The set of available SCCGs is defined by user constrains, e.g., number of transistors in series, maximum fanout and output isolation. These topological restrictions define the virtual library to be used in library free design approaches.

Therefore, virtual library approach means the possibility to use any kind of *SCCG* for a given circuit, with individual transistor sizing.

### 2.1 Design Flow

Figure 1 shows the design flow for the virtual library approach. The circuit is specified using a behavioral/structural VHDL description. A logic synthesis tool synthesizes the circuit (Synopsys in the figure), generating as result a structural VHDL. A virtual library containing a rich set of *SCCGs* is used during the technology mapping. User constraints, like critical path delay, output loads, fanout restrictions are specified in the synthesis script.



Figure 1 - Design flow in the virtual library approach  $% \left( 1\right) =\left( 1\right) +\left( 1\right) +\left($ 

This structural description is automatically converted to a SPICE format, since for the automatic layout synthesis a transistor level description is required. The transistors are initially sized with a constant width. The width is a multiple of the minimum transistor width for the employed technology.

A first layout synthesis is performed (Tropic in the figure), aiming parasitic capacitance evaluation. The transistor level description and the parasitic capacitances are used for timing analysis and electrical optimization. If timing constraints are not met, some optimization strategies can be employed: transistor sizing and/or buffer/repeater insertion.

After electrical optimization, if needed, a second layout synthesis is made, resulting in the final layout of the circuit, with each transistors individually sized. It is important to keep the same placement between both layout syntheses, in order to get the same routing and consequently the same parasitic capacitances.

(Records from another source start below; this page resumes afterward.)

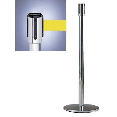 ベルト色:黄 | ポール色:銀 | ポール寸法(mm):Ф50 | ベース寸法(mm):Ф343×H960 | 材質・仕上げ:スチールクロームメッキミ…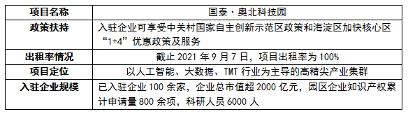 國泰奧北科技園定位為服務于人工智能、大數據、TMT行業為主導的產業園區,現已入駐100多家高新科技企業。入駐企業可享受中關村國家自主創新示范區政策和海淀區加快核心區“1+4”優惠政策及服務。已入駐企業包括比特大陸、索為系統、山石網科、集創北方、中鋼設備、航天長屏等獨角獸企業,16家上市及準上市公司。2018年園區內企業總市值就已超過2000億元,企業總產值超過300億元,納稅額超過30億元。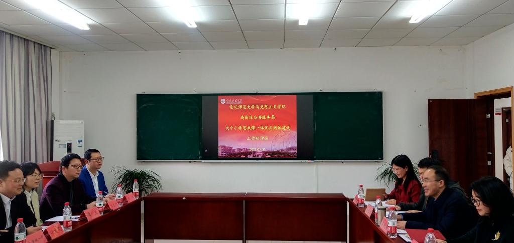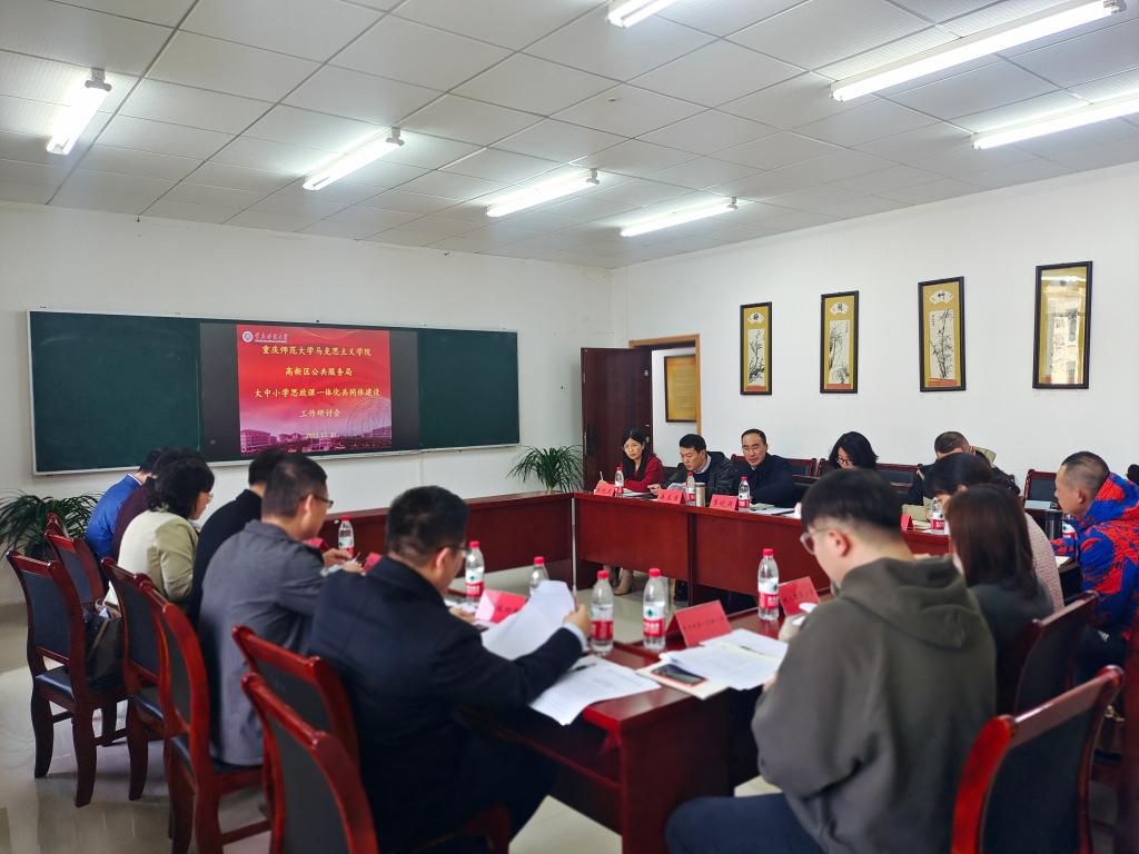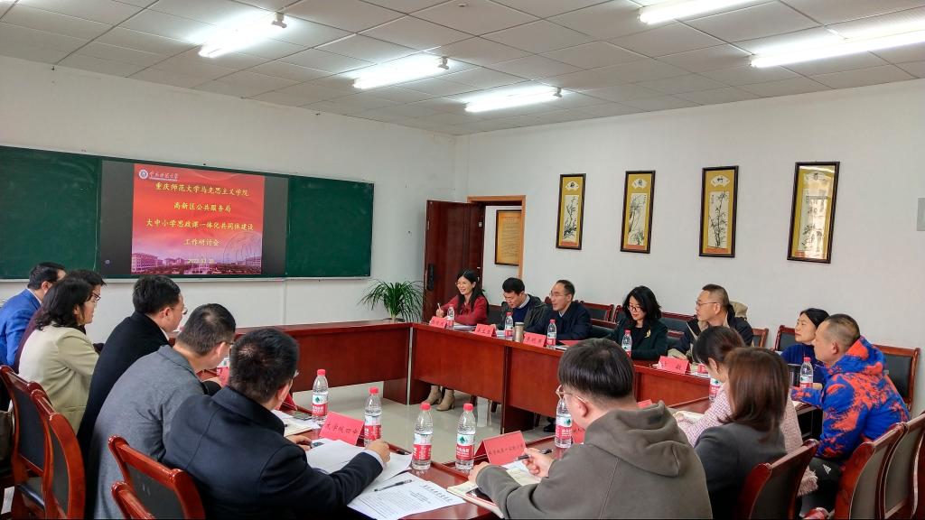 与重庆市高新区公共服务局于汇贤楼309会议室召开了“大中小学思政课一体化共同体建设”工作研讨会。高新区公共服务局教育管理科科长兼小学思政教研员付有能、中学部主任兼中学思政教研员冯志刚、高中思政兼中小学劳动教研员谭兰,巴蜀科学城中学、成人网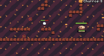 This is an adventure game made on Godot about a ghost that collects churros and tries to defeat the evil Burger King who wants to take over the sweetness of the world.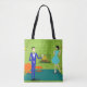 Esta Bolsa de Tote de la Pareja Moderna de Mediados del Siglo se parece a una escena de una comedia romántica. El estilo de los años 60 presenta un diseño de arte minimalista y cuenta con una atractiva pareja de personalizados que disfrutan de una velada romántica en casa. La sofisticada sala cuenta con una pared de piedra verde con una chimenea que arde. El mobiliario de la habitación incluye un naranja, una tumbona a juego con el reposapiés, un reloj de pared rojo, de starburst, una lámpara amarilla, de sputnik y una mesa naranja, en la que se encuentra un reproductor de discos portátil de color verde. En el suelo, al lado de la mesa final, se puede ver un disco de vinilo saliendo de la portada de un álbum kitsch. En el centro del parqué verde, hay una gran alfombra rectangular verde azulada. En medio de la escena, tenemos una pareja muy sofisticada. Hay un hombre cortés con un traje azul real, una camisa blanca y una corbata azul. El hombre alto, oscuro y guapo está mirando a su adorable compañero. La elegante mujer de cabello cuervo lleva un vestido de aqua flouncy. Cada una de ellas sostiene un cristal de martini de cristal con una oliva flotante. Salud! ¡Aquí está la velada perfecta en casa!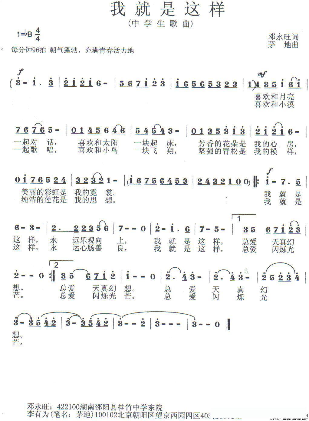我就是这样的简谱歌词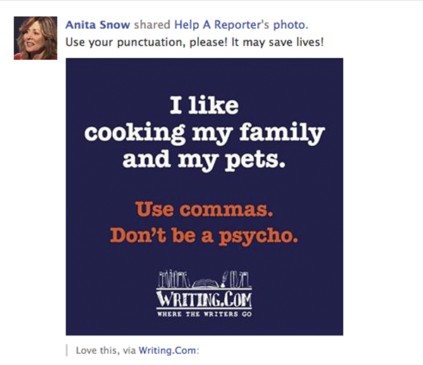 PSA - "Use Commas. Don't be a psycho." Fantastic facebook post from my Tocaya @asnowreportspic.twitter.com/5cp8vT1t4v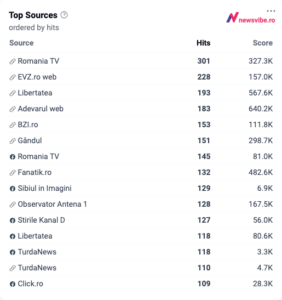 Grafic NewsVibe: Topul surselor online relevante care au menționat cel mai frecvent subiectul în ultima lună.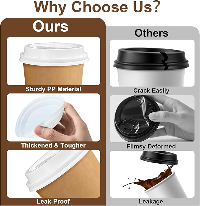 - Sturdy & Leak-Proof: These lids fit snugly over cups to effectively prevent spills and keep heat in the cups. Enjoy your coffee without the worry of burns or mess, ensuring a comfortable drinking experience

## 3 VIRTUAL LIBRARY APPROACH IN THE SYNOPSYS ENVIRONMENT

We present in this section a practical implementation of a virtual library approach.

Figure 2 illustrates the first part of the flow, which consists to generate a structural VHDL form a behavioral description, using a virtual library during the technology mapping.



Figure 2 - Virtual library approach in the Synopsys environment

The first action is to describe this virtual library. For example, Figure 3 shows a *SCCG* description in the Synopsys format. Each *SCCG* have: (1) its name, which is used in the final structural VHDL; (2) the area, which is proportional to the number of inputs (this is true, since a *linear matrix* layout style is used by layout synthesis tools [5] [7]); (3) the cell function, defining the *SCCG*, used during technology mapping and spice netlist generation; (4) *SCCG* timing model.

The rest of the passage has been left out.